#
Problem
of the Week

Problem
D and Solution

A
Weightier Problem

## Problem

George has three objects, each of a different mass. He weighs the
objects in pairs and records the mass of each pair of objects. Later, he
realizes that he forgot to weigh the objects individually, but no longer
has access to a scale. The three recorded masses are \(2986\) g, \(3464\) g, and \(3550\) g. Determine the mass of the
heaviest object.

## Solution

Let \(a\) represent the mass, in
grams, of the lightest object

Let \(c\) represent the mass, in grams,
of the heaviest object.

Let \(b\) represent the mass, in grams,
of the third object.

The smallest recorded mass is created by adding the masses of the two
lightest objects together. Therefore, \[a+b=2986\tag{1}\]
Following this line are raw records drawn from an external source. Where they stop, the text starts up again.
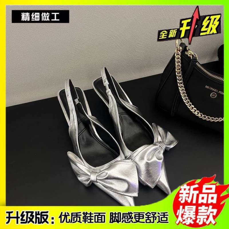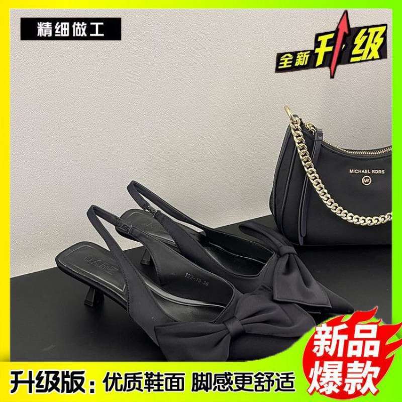 2025 봄 여름 신작 리본 포인티드 토 스틸레토 미드힐 싱글 슈즈 하이힐 펌프스 여성화 스위트 스타일 데일리웨어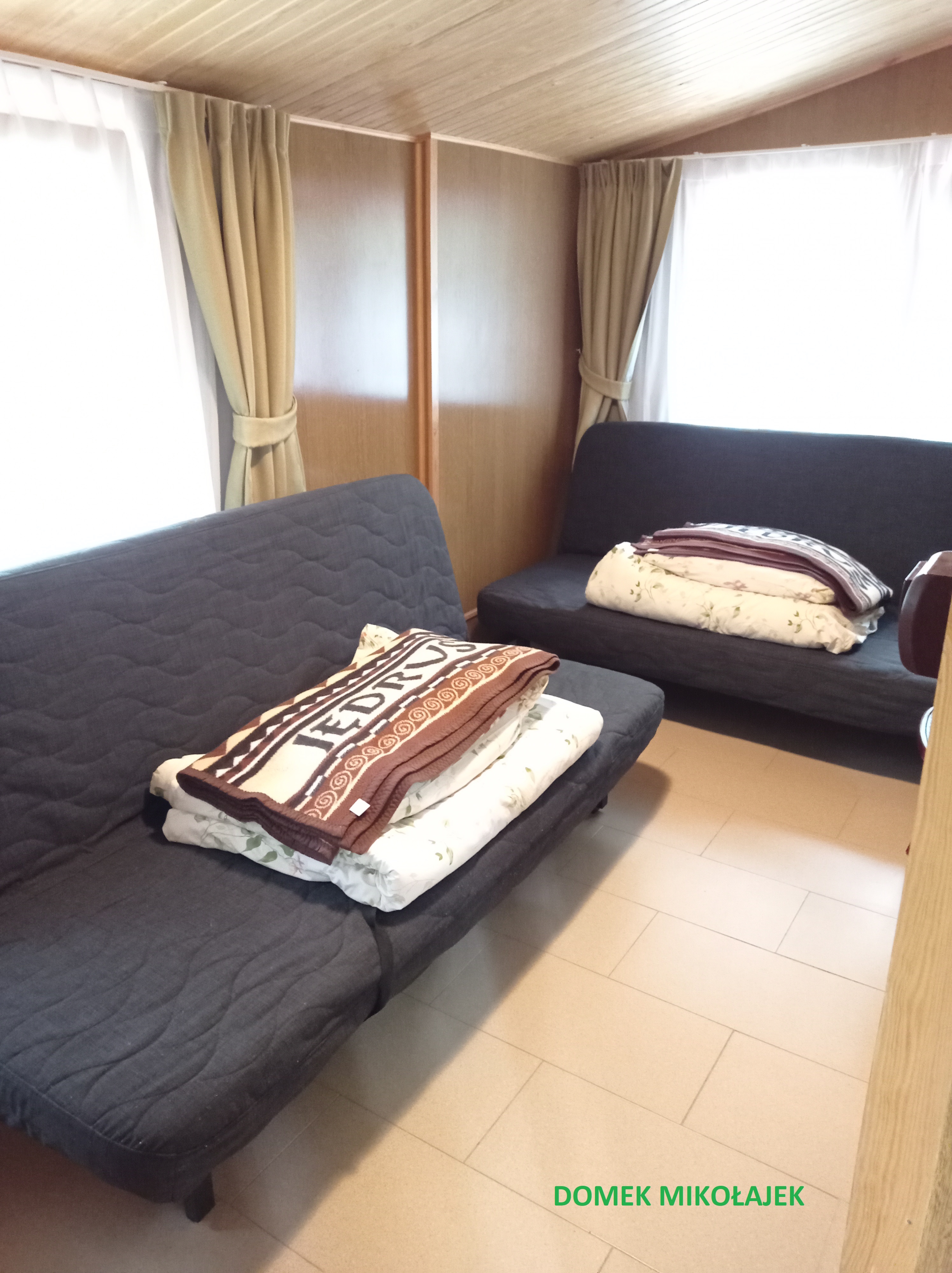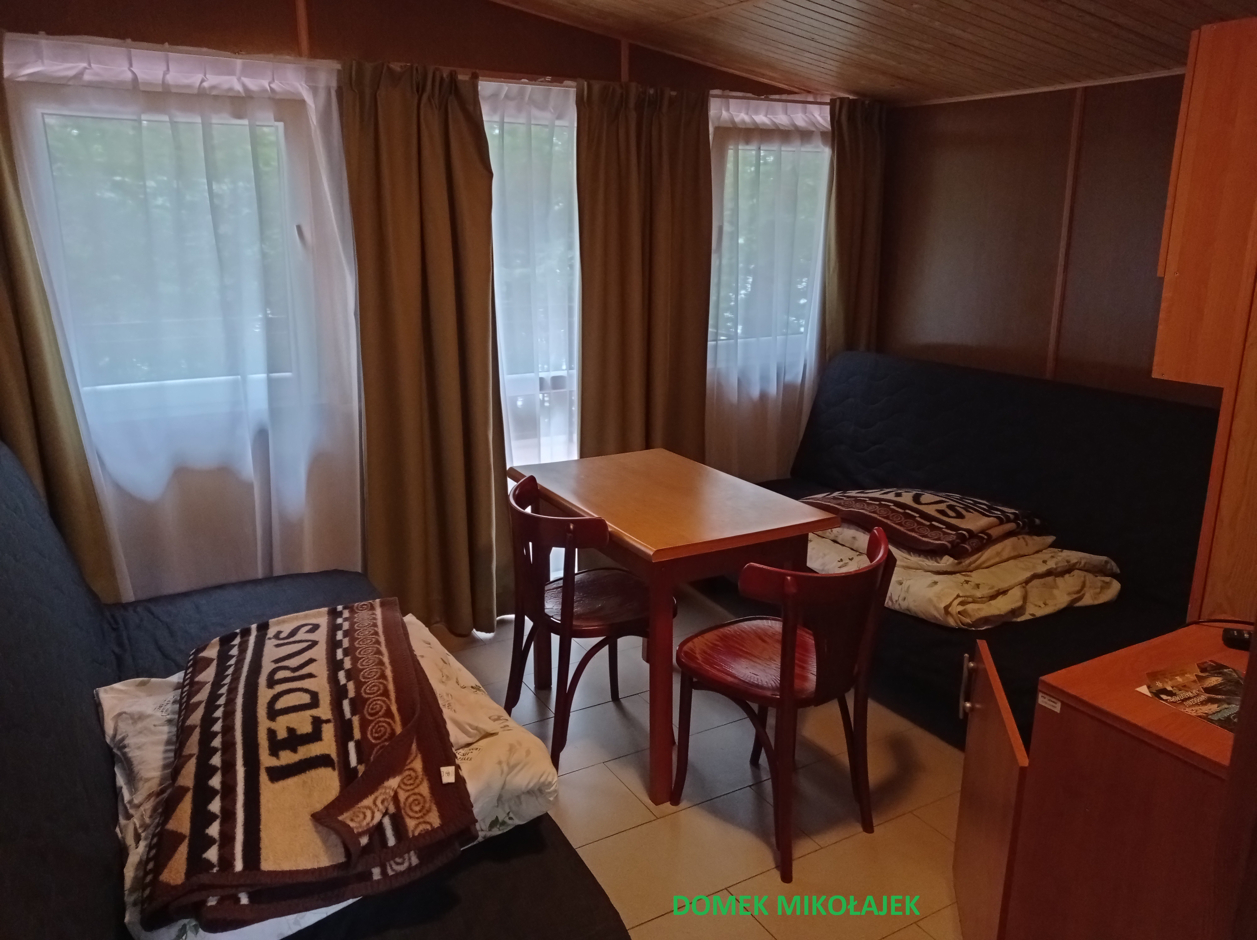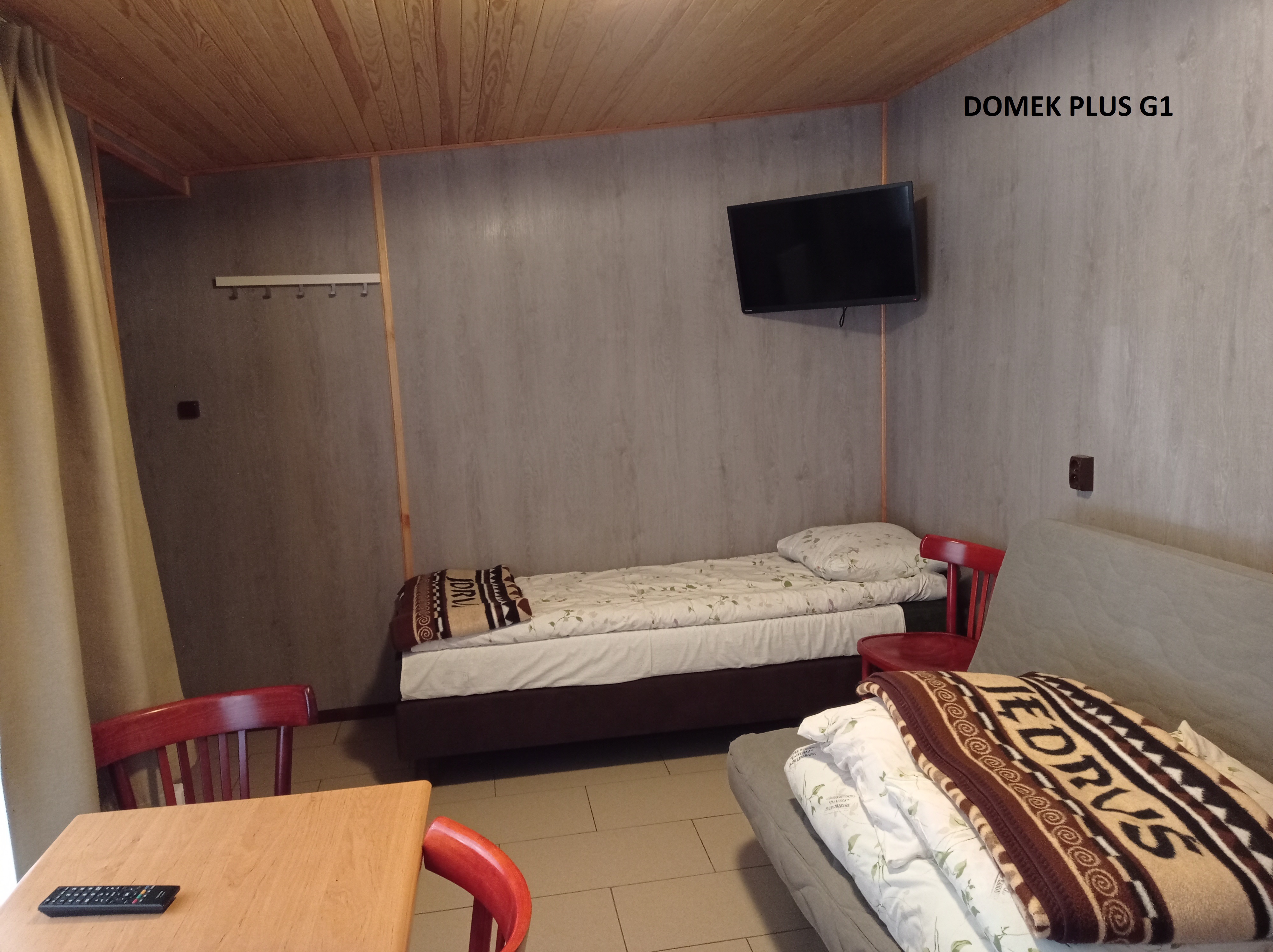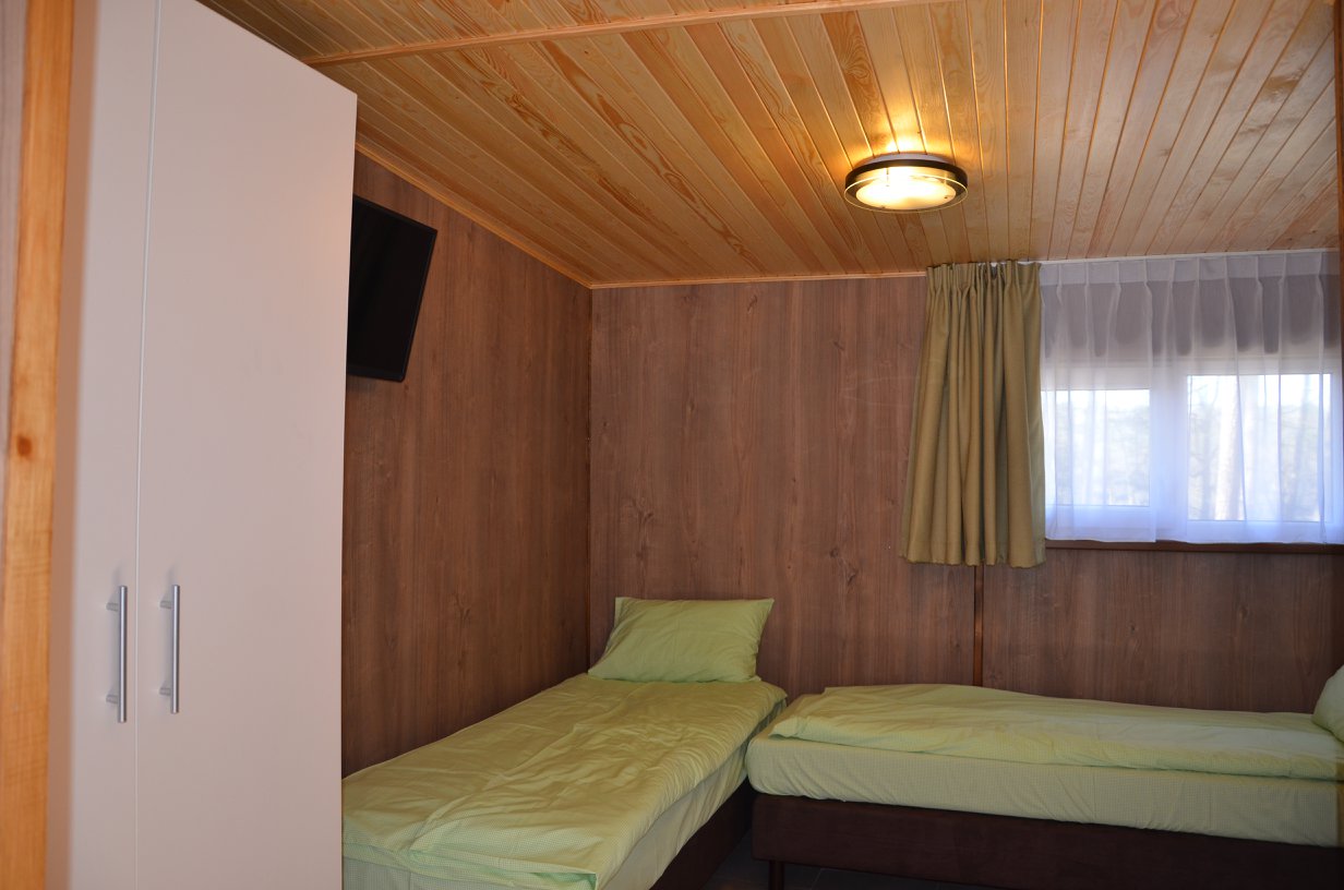 Po całkowitym remoncie. Składają się z jednego przestronnego pokoju. W obiekcie znajduje się wersalka, dwa pojedyncze łóżka, szafa ubraniowa, stolik z krzesłami, lodówka oraz telewizor LCD. Na wyposażeniu jest także toaleta z prysznicem.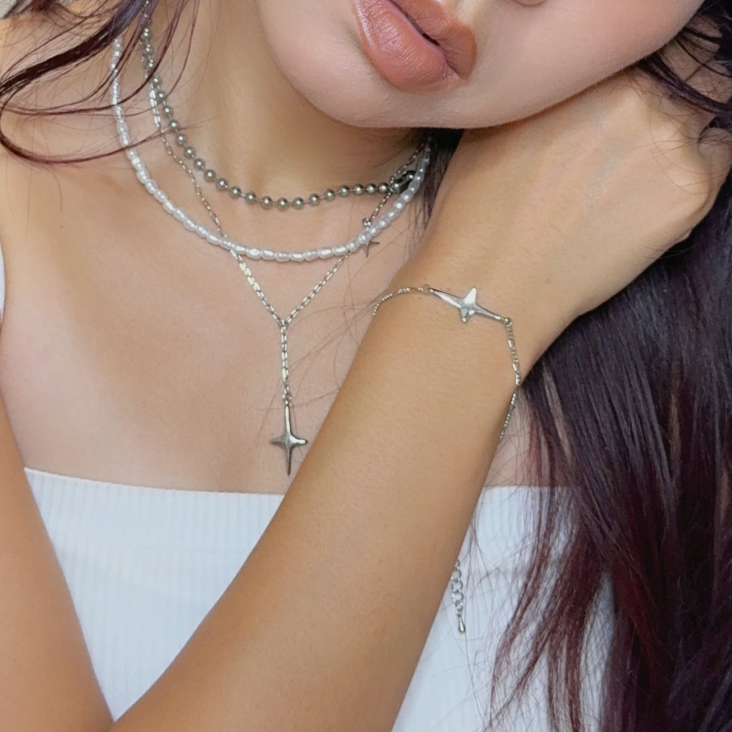 小さいパールだからこそ、華やかになりすぎず、カジュアルにも綺麗目のスタイリングにも幅広く大活躍。
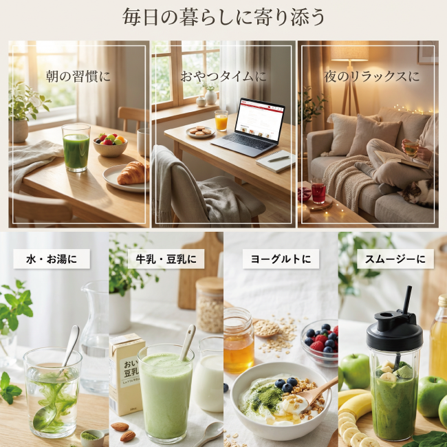 牛乳や豆乳で割れば「抹茶ミルク」のようなまろやかな味わいになり、お子様にもおすすめ。

The largest recorded mass is created by adding the masses of the two
heaviest objects together. Therefore, \[b+c=3550\tag{2}\]

Thus, it must be the case that \[a+c=3464\tag{3}\]

At this point we could solve a system of equations involving three
equations and three unknowns. Instead, we will add equations \((1)\), \((2)\), and \((3)\) together. \[\begin{align*}
(a+b)+(b+c)+(a+c) &= 2986+3550+3464\\
2a+2b+2c &= 10\,000\\
2(a+b+c) &= 10\,000\\
a+b+c &= 5000\tag{4}
\end{align*}\]

From equation \((4)\), we know that
the total mass of the three objects is \(5000\) g. But from equation \((1)\), the mass of the two lighter objects
is \(2986\) g. We can subtract equation
\((1)\) from equation \((4)\) to obtain the mass of the heaviest
object. \[\begin{aligned}
(a+b+c)-(a+b) & = 5000 - 2986\\
a+b+c-a-b & = 2014\\
c & = 2014
\end{aligned}\]

Therefore, the heaviest object has a mass of \(2014\) g. Although we are not asked to,
from here, we could determine that the other objects have mass of \(1450\) g and mass of \(1536\) g.